The deductibility of payments of eligible section 1106 expenses that result in loan forgiveness under section 1106(b) of the CARES Act is also subject to disallowance under case law and published rulings that deny deductions for otherwise deductible payments for which the taxpayer receives reimbursement. See, e.g., Burnett v. Commissioner, 356 F.2d 755, 759-60 (5th Cir. 1966); Wolfers v. Commissioner, 69 T.C. 975 (1978); Charles Baloian Co. v. Commissioner, 68 T.C. 620 (1977); Rev. Rul. 80- 348, 1980-2 C.B. 31; Rev. Rul. 80-173, 1980-2 C.B. 60.[5]
Is this Notice the final word on this issue? Very possibly not. First, it is possible a taxpayer may decide to challenge this position in court. Whether they would or would not prevail is open to question, and the other big problem is being able to afford the litigation to begin with.
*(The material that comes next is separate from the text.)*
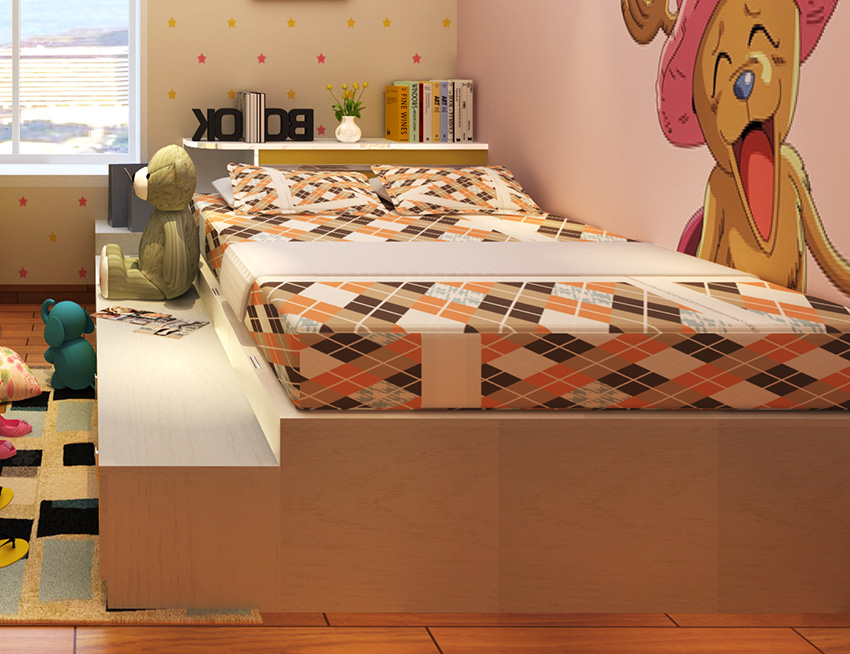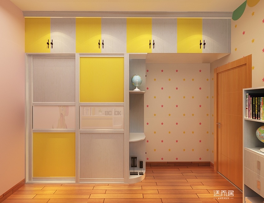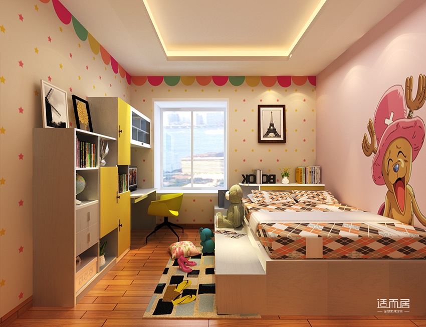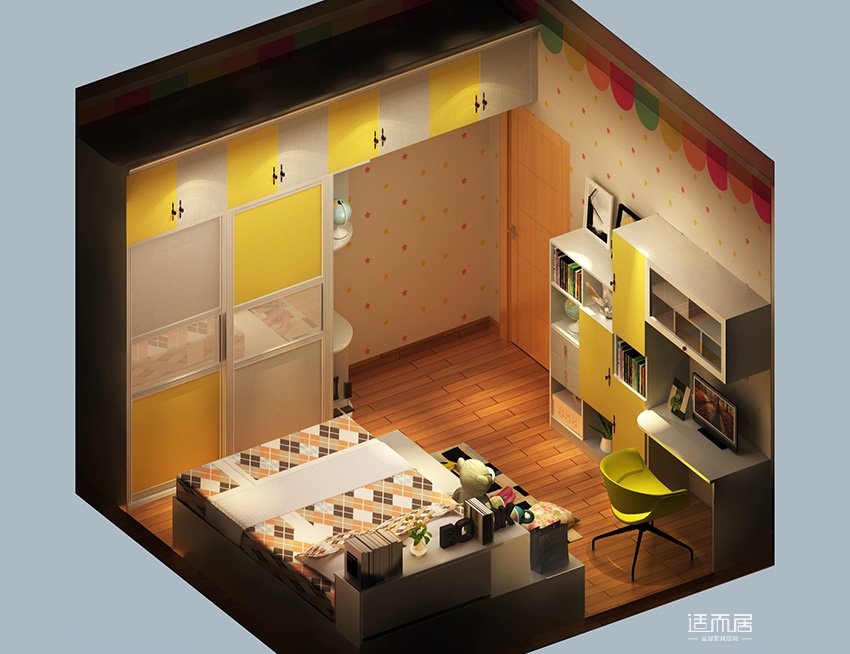 整个空间用了用了暖色基调,温馨舒适。墙纸多彩的设计,可爱童趣,适合孩子居住。书柜用了亮眼黄,房间在视觉上富有色彩冲击力,书桌与书柜一体,不仅可收纳摆设,也方便孩子学习阅读。

The more likely road to relief would be if Congress were to act in the next Coronavirus bill (assuming there will be such a bill, as many do assume) to simply enact an amendment to make clear that expenses used to justify PPP loan forgiveness are deductible, regardless of any provision in the IRC contrary to that conclusion. But that assumes Congress can agree that this is a step they want to take.
[1] Notice 2020-32, April 30, 2020, https://www.irs.gov/pub/irs-drop/n-20-32.pdf (retrieved April 30, 2020)
[2] Notice 2020-32, Section II
[3] Notice 2020-32, Section III
[4] Notice 2020-32, Section III (It appears the IRS may have intended to label the header as IV, but the initial version posted did not do so. It is possible the agency will post a corrected Notice that will label this as Section IV.)